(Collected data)
*** Begin section ***
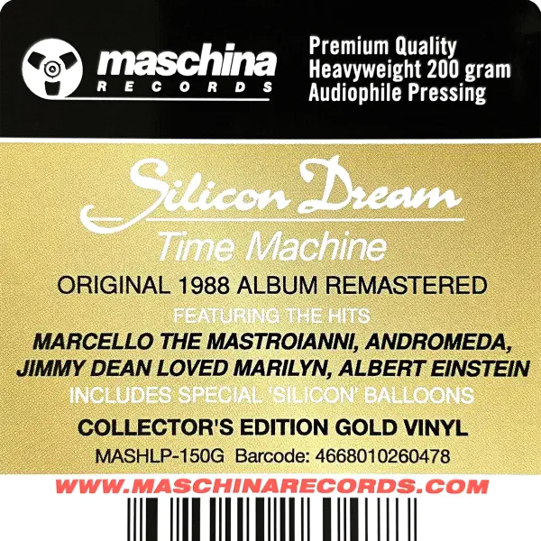 Vinilinė plokštelė „Time Machine“ – tai kultinis 1988 metų albumas, kurį sukūrė vokiečių elektroninės muzikos projektas Silicon Dream, vadovaujamas muzikanto ir prodiuserio Klaus Munzert. Šis albumas yra vienintelis pilnas projekto studijinis LP, todėl jis užima ypatingą vietą 80-ųjų euro disco ir synth-pop istorijoje. 2022 metais leidykla Maschina Records pristatė remasteruotą kolekcinę versiją, išleistą auksinės spalvos vinile (Gold Vinyl).
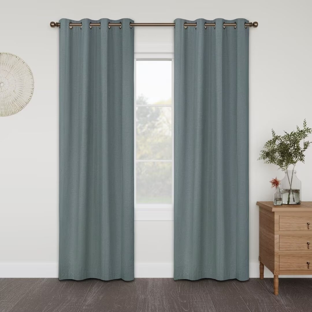 Linen Slub Texture Blackout Grommet Curtain Pair(2 Panels)
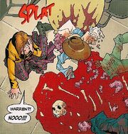 After being discarded by Twilight and discovering his identity, Amy, Warren, and the General sought a temporary alliance with the Scoobies.[18] Warren joined them in the fight for the Seed of Wonder in Sunnydale,[19] before he and Amy were abandoned the General.[20] After traveling to Venice, Amy pondered over going back to help the Scoobies, but Warren adamantly refused, reminding Amy that Buffy and Willow were "the enemy." After Buffy destroyed the Seed and all magic, Warren, without Amy's magic to keep him alive, collapsed into a puddle of blood and bones.[9]
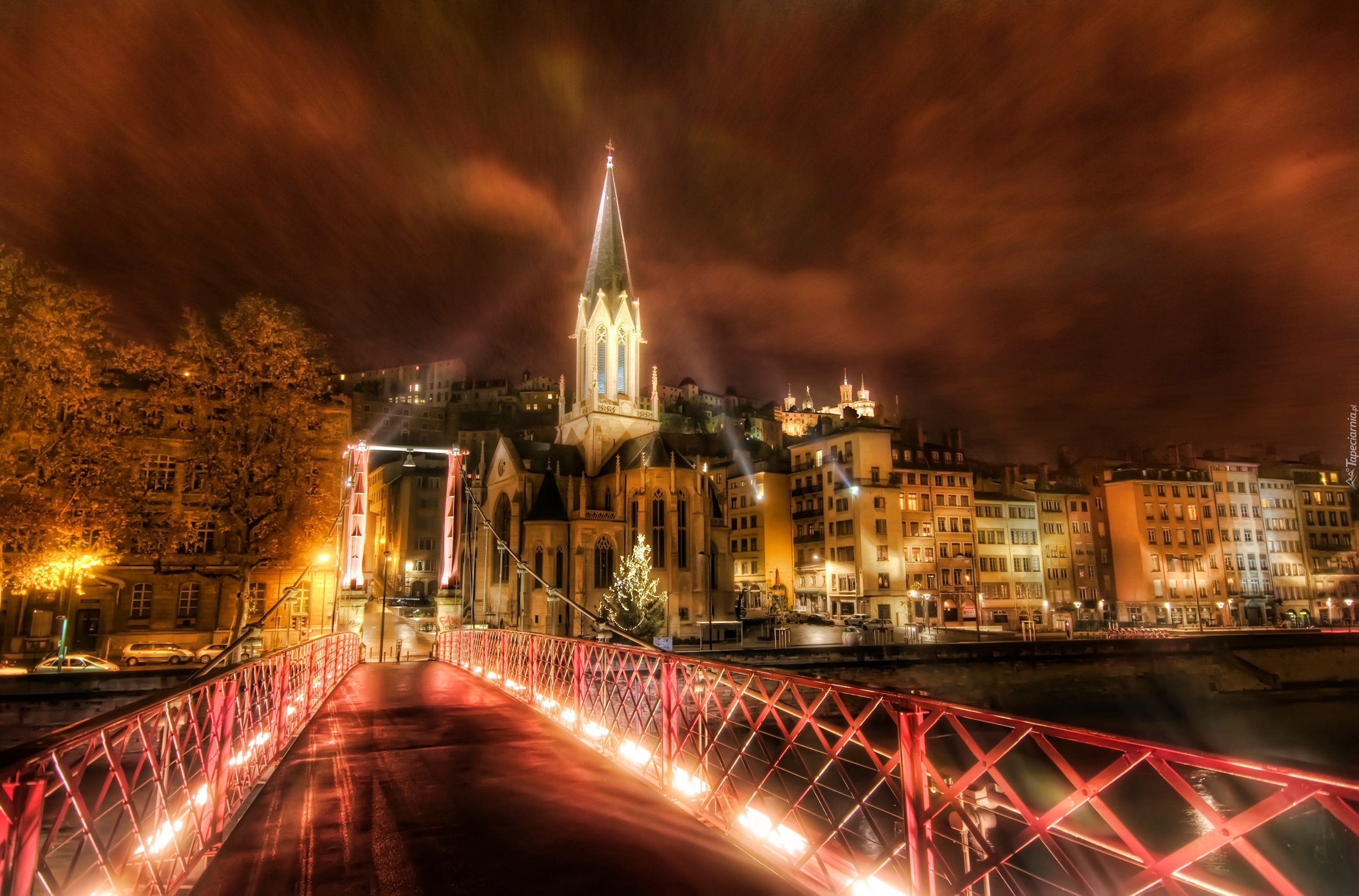 Edytor tapety: Most, Światła, Wieczór, Lyon, Francja
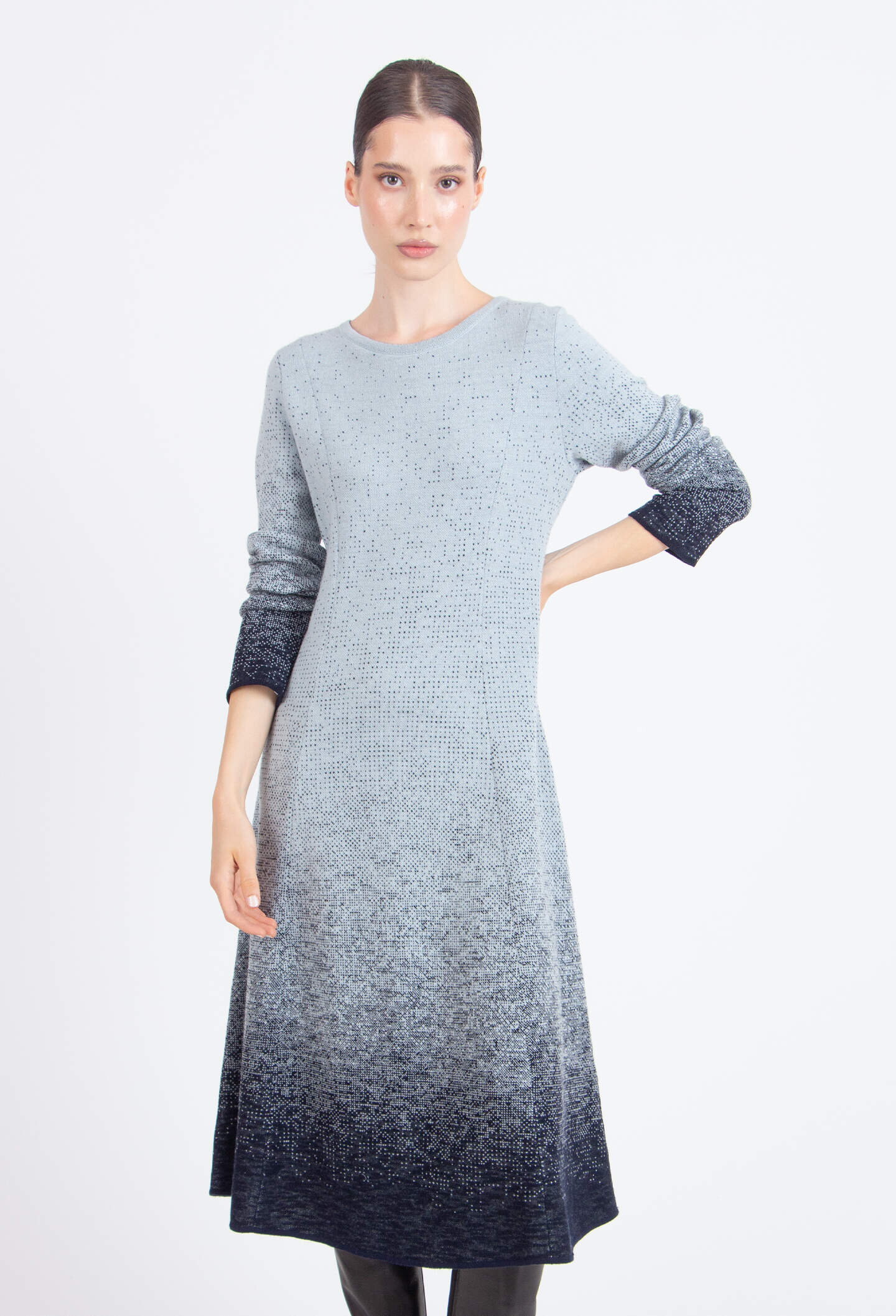 Duga haljina od vune sa Jato motivom. Čamac izrez uokviruje vrat, dok standardni kroj pruža udobnost i uredan izgled.
*** End section ***
◆ **Aim of the exercise**
Each line from the one that contains "Linen Slub Texture" through the end of the records should be restated exactly; include both end lines and leave any pictures out.

◆ **Answer for the task**
 Linen Slub Texture Blackout Grommet Curtain Pair(2 Panels)
 After being discarded by Twilight and discovering his identity, Amy, Warren, and the General sought a temporary alliance with the Scoobies.[18] Warren joined them in the fight for the Seed of Wonder in Sunnydale,[19] before he and Amy were abandoned the General.[20] After traveling to Venice, Amy pondered over going back to help the Scoobies, but Warren adamantly refused, reminding Amy that Buffy and Willow were "the enemy." After Buffy destroyed the Seed and all magic, Warren, without Amy's magic to keep him alive, collapsed into a puddle of blood and bones.[9]
 Edytor tapety: Most, Światła, Wieczór, Lyon, Francja
 Duga haljina od vune sa Jato motivom. Čamac izrez uokviruje vrat, dok standardni kroj pruža udobnost i uredan izgled.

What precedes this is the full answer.